Unafraid of What Is Difficult


You know how at times it seems like there is Something out there trying to send you a message?

Yeah, me too.

After yesterday's Life Journal entry, the one from Psalm 62, about silence and waiting, when I turned on my Kobo this morning, to read today's reading from, A Year With Rilke, this is what greeted me:
Unafraid of What Is Difficult
Don't be confused by the nature of solitude, when something inside you wants to break free from your loneliness. This very wish, when you use it as a tool for understanding, can illumine your solitude and expand it to include all that it is. Bound by conventions, people tend to reach for what is easy. It is clear, however, that here we must be unafraid of what is difficult. For all living things in nature must unfold in their particular way and become themselves at any cost and despite all opposition.
—Rainier Maria Rilke
Rome, May 14, 1904
Letters To A Young Poet

Yes, silence and solitude—heck—ALL the spiritual disciplines are difficult. Everything that causes you to grow has difficulty that comes automatically with it. I don't need to discipline myself to eat potato chips; that comes perfectly naturally to me. But I do need to push myself to eat broccoli.

So, while yesterday's goal of the week may not have started out well, I am continuing to press on...

8.01.2011

Silence & Waiting {#259-269}

For God alone my soul waits in silence; from him comes my salvation. {Psalm 62:1}

For God alone, O my soul, wait in silence, for my hope is from him. {Psalm 62:5}
Waiting and silence.

To be honest, not exactly my two favorite things.

I've wrestled with waiting, and I know its importance. I understand that waiting isn't always a spectator sport, that sometimes, when you are waiting for something, the most important thing you can do is to keep living, keep learning, so that when the thing you are waiting for arrives, you are ready.

But the addition of silence to the equation changes things immensely.

Silence—the removal of noise and distractions and diversions, all the things that can help one forget that they might actually be waiting for, or lacking something—leaves just me, sitting before God, no toys to amuse me, no words to nothing to draw God's attention away from all the areas that I still don't trust, still am not obedient, still am lacking.

Waiting in silence removed the facade of words that I tend to use to attempt to justify my bad ideas and actions, or excuse my bad decisions.

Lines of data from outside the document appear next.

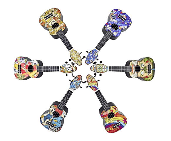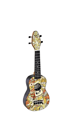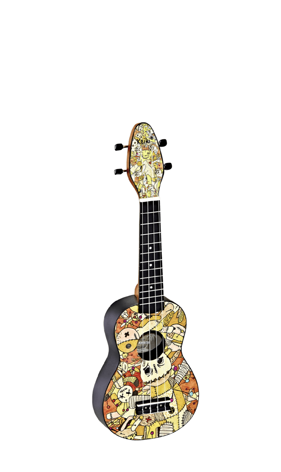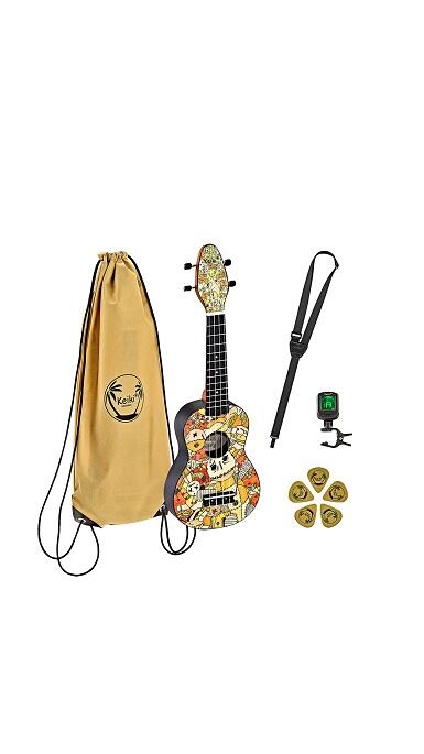 K-2-serien fra Ortegas Keiki-serie er ukulele i fuld størrelse, der kommer i en pakke med tuner, skulderrem, taske og plektre. Hver model har et design af gadekunstneren Guglielmo Gasloli.
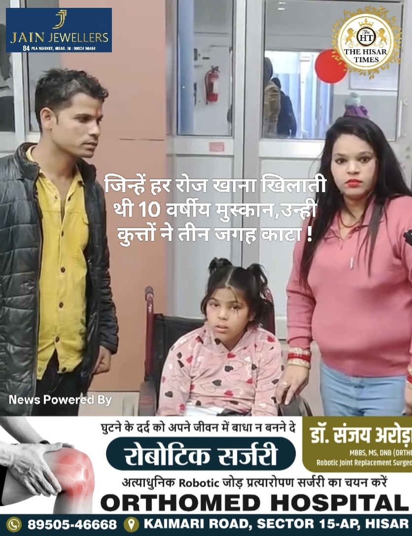नोट – नीचे कॉलम में देखें > हिसार टाइम्स जॉब्स क्लासिफाइड > आज की बड़ी खबरें फटा फट… For Free Job & News Updates Join Hisar Times News Group https://chat.whatsapp.com/EHzVoGH50MdINoYniG4crH ➖➖➖➖➖➖➖➖➖➖➖➖➖➖➖➖➖➖ हिसार टाइम्स – हिसार शहर में बुधवार को रोजाना खाना खिलाने वाली 10 साल की बच्ची को ही कुत्तों ने अपना शिकार बना लिया। … Continue reading जिन्हें हर रोज खाना खिलाती थी 10 वर्षीय मुस्कान,उन्ही कुत्तों ने तीन जगह काटा !
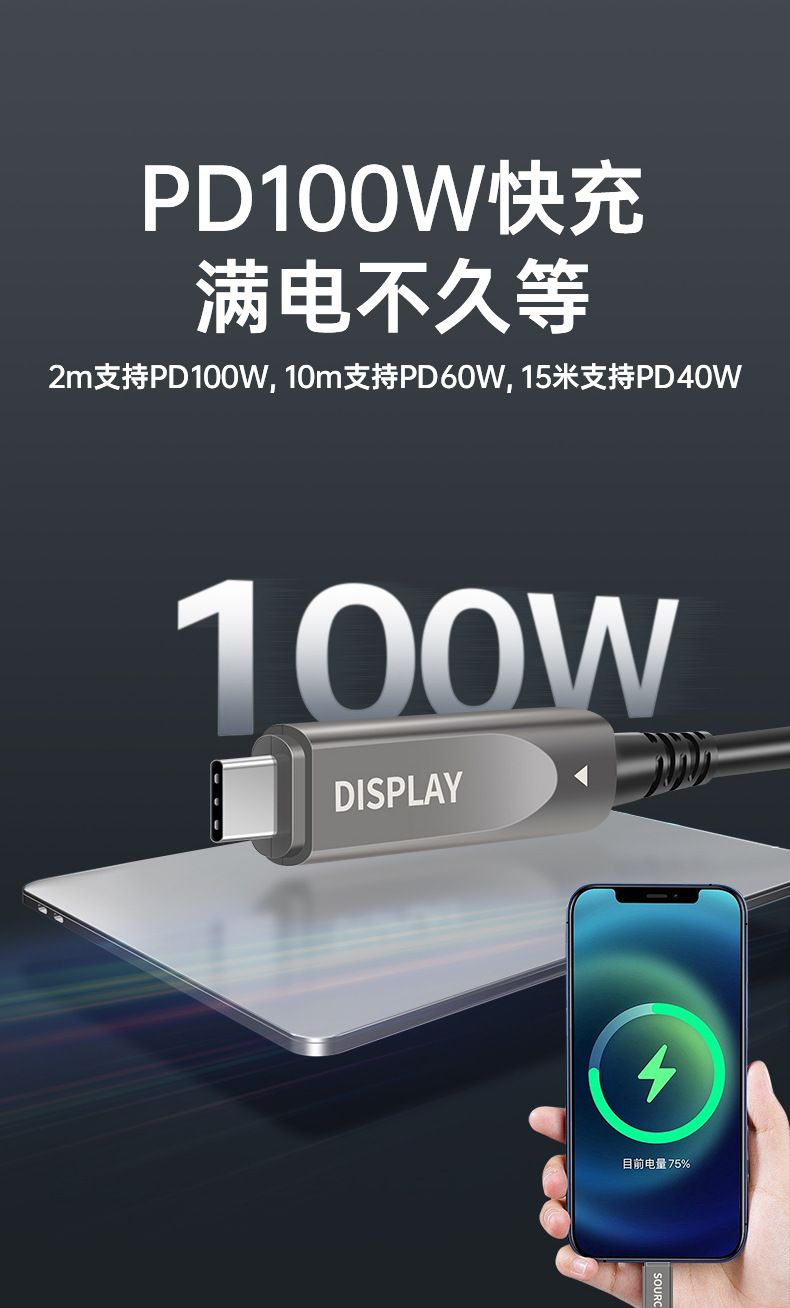 전체 기능을 갖춘 듀얼 헤드 Type-C 광섬유 데이터 라인 PD100w 고속 충전 10Gbps 고속 전송 8K HD 스크린 프로젝션
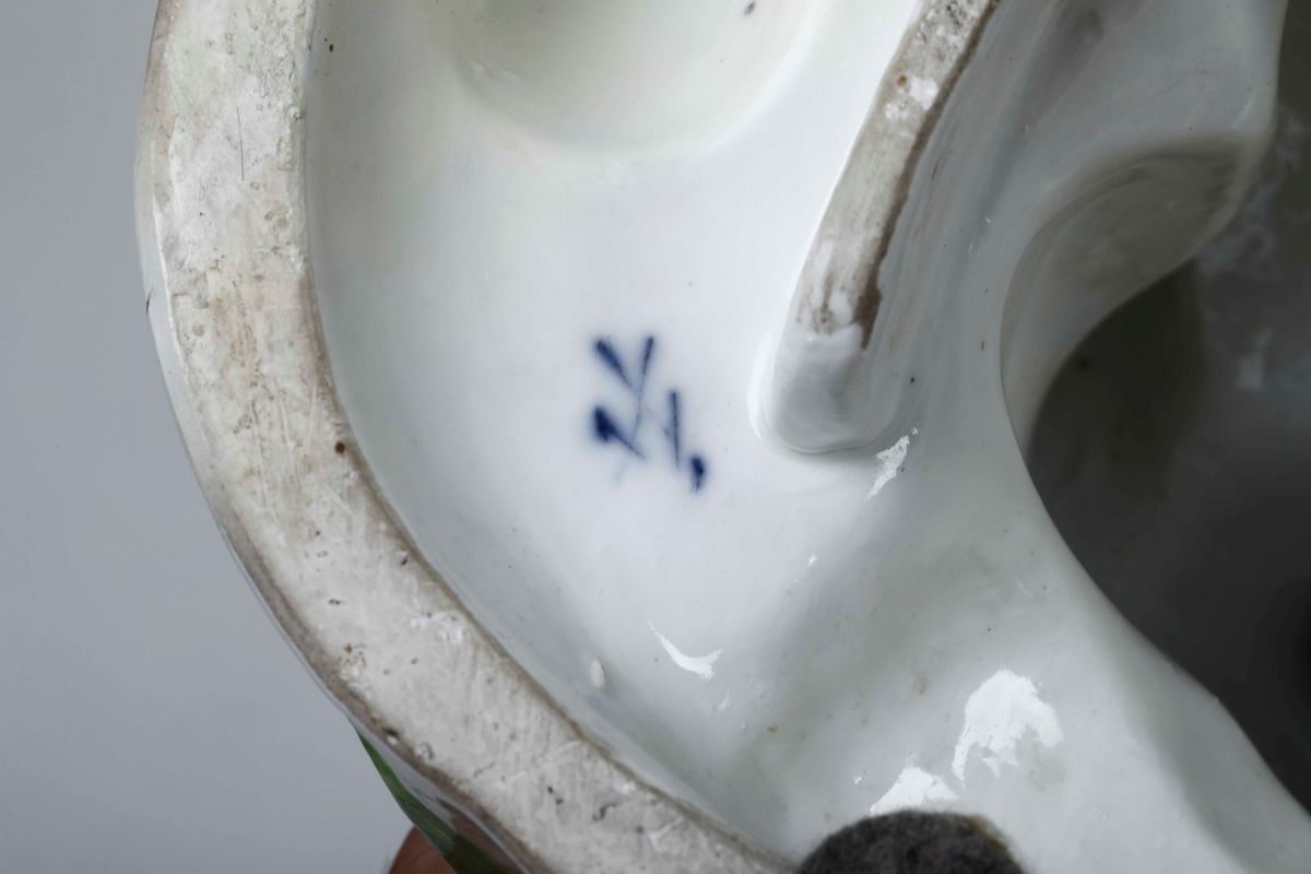 Porcellana policroma. Marca: spade in blu sotto la base. Altezza cm 26. Conservazione: ottima; felatura restaurata alla base che interessa anche le mappe e il piede destro di Urania; restauri e mancanze minori alla vegetazione

Silence is a game-changer.

I am comfortable with noise. I get noise. When I am working, there is seldom time when I do not have music, or a movie, or a podcast playing in the background. As a young girl with three brothers who had an uncanny ability to make a ridiculous amount of noise, when they wanted my attention, and I wanted to read, I would curl up in front of our stereo's huge speakers, my left ear pressed against the music, a finger in my other ear, and happily read for hours.

Again, I am comfortable with noise.

But if you believe David's words above, silence needs to go hand in hand with waiting, to give us the vitally important things we need for our daily lives—things like hope and salvation. And I do believe this, it is just hard.

So, this week, I am practicing the spiritual discipline of silence. The New Living Translation of Psalm 62:5 reads, "Let all that I am wait quietly before God."

This is my goal for this week.


* * * * *

Today I am thankful for...

259:: homemade strawberry jam to share with friends.
260:: COBS cranberry custard scone and tea.

261:: baking mini jam tarts for coworkers.
262:: a quiet evening at home to attempt to get my world back to 'normal'.

263:: having the opportunity to read and review some amazing books.

264:: a walk through the Farmer's Market.

265:: getting to have one more movie night with Alicia before she heads back to Senegal.

266:: my dear friend Alicia herself, who has a beautiful hospitality of presence, you cannot help but feel comfortable and at home with her.

267:: my weekly coffee date with Laura, where we fix the world and laugh at ourselves.

268:: a holiday Monday giving me an opportunity to do all the little things that I need to before surgery later this month.

269:: for the reminder to wait in silence before my God.